Schuster was representing the Alliance of Small Island States (AOSIS) and drawing attention to the fact that rising sea levels, tropical storms, droughts, and dwindling freshwater supplies pose existential threats to life on many small islands around the world.
Despite these vulnerabilities, islands often have little influence in shaping major climate resolutions. But researchers at the University of Notre Dame say there is something that could lend islands more influence: data.
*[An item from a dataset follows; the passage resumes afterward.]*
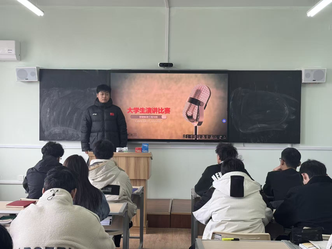 智能制造工程学院班赛现场将个人理想融入国家发展的宏伟蓝图。从“大国工匠”精神讲述了选择工科专业的初心;结合寒假返家乡社会实践经历,表达了将所学知识带回家乡、改变家乡的理想。一句句掷地有声的誓言,描绘着“小我”融入“大我”的坚定信念。

“We have lots of data on the vulnerability and preparedness of wealthy nations with highly developed infrastructure,” says Danielle Wood, director of the Notre Dame Global Adaptation Initiative (ND-GAIN) and an associate professor of the practice in Notre Dame’s College of Engineering. “But having routine data collection is expensive. Low-income countries are usually data scarce, with islands often lacking the resources to collect it. What this means is that we often have the most information on the countries likely to be the least impacted,” she says.
Wood points out lack of data can deepen existing disparities and create a vicious cycle. “Many small islands contribute a negligible amount to greenhouse gas emissions, but we quite often don’t have a clear picture of where the most critical vulnerabilities lie or how the situation might worsen without action. That lack of data can discourage investment on the part of governments and philanthropists—including the investments that would help collect better data,” she says.
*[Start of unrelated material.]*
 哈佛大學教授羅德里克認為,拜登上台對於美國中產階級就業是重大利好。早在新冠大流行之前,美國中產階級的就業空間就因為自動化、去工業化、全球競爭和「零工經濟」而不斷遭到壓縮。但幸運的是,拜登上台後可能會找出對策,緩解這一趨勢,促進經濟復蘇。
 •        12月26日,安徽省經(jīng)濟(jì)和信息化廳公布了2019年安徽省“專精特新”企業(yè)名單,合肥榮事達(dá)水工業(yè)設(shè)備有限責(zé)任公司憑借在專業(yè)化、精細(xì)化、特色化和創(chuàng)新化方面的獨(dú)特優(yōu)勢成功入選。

ND-GAIN is a signature climate change adaptation tool that has long been central to conversations at COP and other climate change conferences. Updated annually, ND-GAIN’s Country Index ranks more than 180 nations according to how vulnerable they are to climate change and how prepared they are to deal with climate change’s effects.
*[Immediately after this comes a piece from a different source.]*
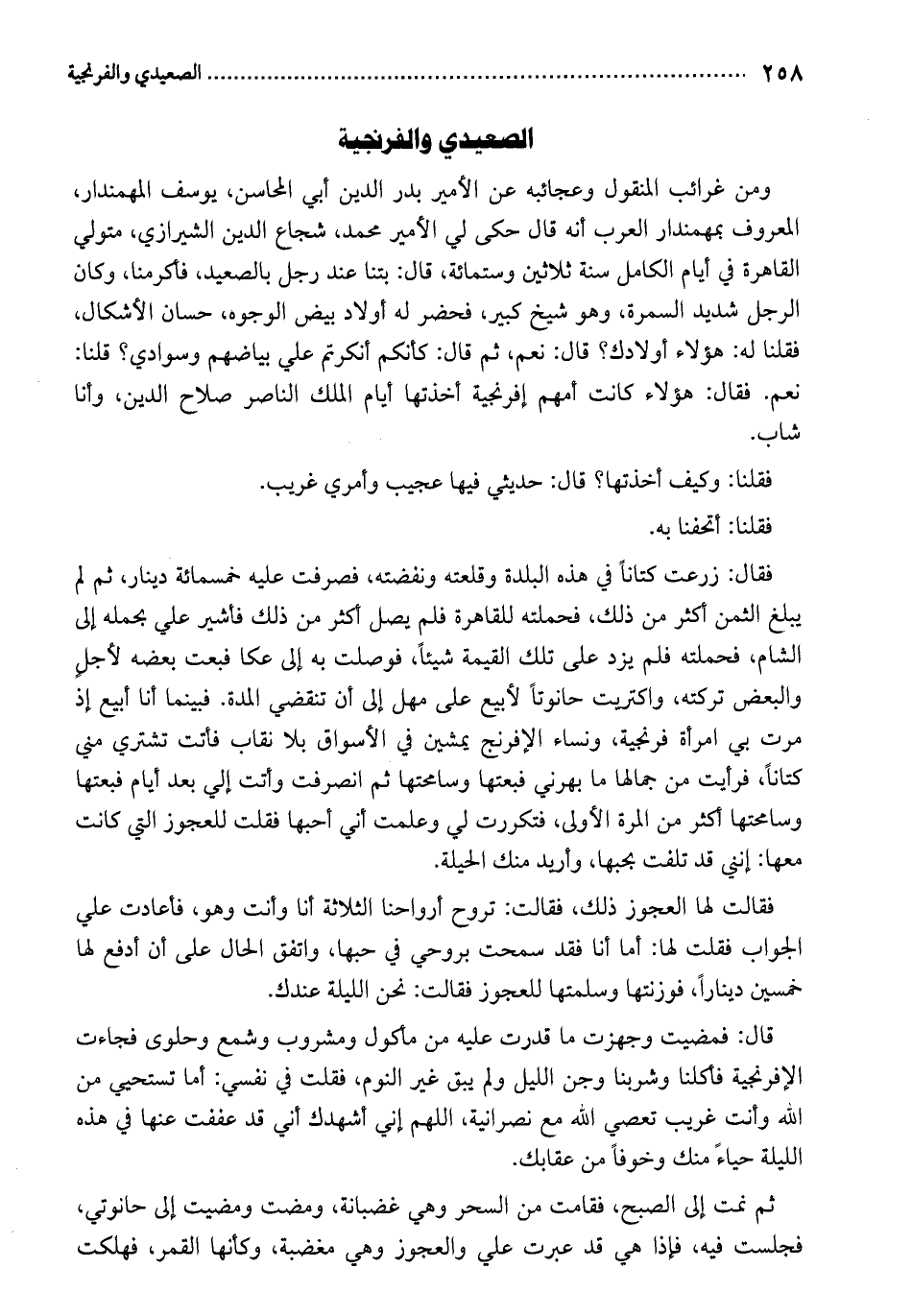 ومن غرائب المنقول وعجائبه عن الأمير بدر الدين أبي المحاسن، يوسف المهمندار، المعروف بمهمندار العرب أنه قال حكى لي الأمير محمد، شجاع الدين الشيرازي، متولي القاهرة في أيام الكامل سنة ثلاثين وستمائة، قال: بتنا عند رجل بالصعيد، فأكرمنا، وكان الرجل شديد السمرة، وهو شيخ كبير، فحضر له أولاد بيض الوجوه، حسان الأشكال، فقلنا له: هؤلاء أولادك؟ قال: نعم، ثم قال: كأنكم أنكرتم علي بياضهم وسوادي؟ قلنا: نعم. فقال: هؤلاء كانت أمهم إفرنجية أخذتها أيام الملك الناصر صلاح الدين، وأنا شاب.

Until this year, measurements specific to islands were largely absent from ND-GAIN. This year’s update, however, includes data on Nauru, Palau, and the Marshall Islands. It also includes updated vulnerability indicators that reflect the core concerns of islands, such as how dependent the country is on imported energy.
“Before the recent addition of these islands, we have routinely received questions about data for islands and representation in ND-GAIN,” says Brian Wanbaugh, program manager for ND-GAIN.
“This update is a step in the right direction,” Wood cautions, “but it helps make the case that the data needs to be part of a larger conversation about justice in climate adaptation.”
Camile Cleveland, a policy manager at Hua Nani Partners, which relies on ND-GAIN in its climate policy, strategy, and advocacy efforts, welcomed the updates.
“Donors and agencies are very data-driven. Without solid evidence, it’s tough to make a case for funding, and this data will help show why islands need attention and investment,” Cleveland says, “And although all islands are vulnerable to climate impacts, they are vulnerable in different ways; we need a clearer picture of who is most at risk now.”
Cleveland also emphasizes that we should see islands not just as vulnerable places on the “front lines” of climate change but also as leaders developing innovative solutions to climate adaptation.
“Island communities were thriving on their own for centuries before colonizers reached their shores, so they have cultures and indigenous practices that reflect an impressive mastery of natural systems,” Cleveland says. “These cultures combined with the need to adapt to climate impacts are leading to innovations that should be given more attention on the global stage.”
The updated ND-GAIN Country Index is available to download at gain.nd.edu. Free and open source, the ND-GAIN Country Index helps decision-makers in governments, nongovernmental organizations, corporations and academia prioritize investments for a more efficient response to the global challenges ahead, such as overcrowding, food insecurity, inadequate infrastructure, and civil conflicts.
ND-GAIN is a program within Notre Dame’s Environmental Change Initiative, with more than 60 faculty across several disciplines pursuing research solutions for some of the key environmental challenges of our time.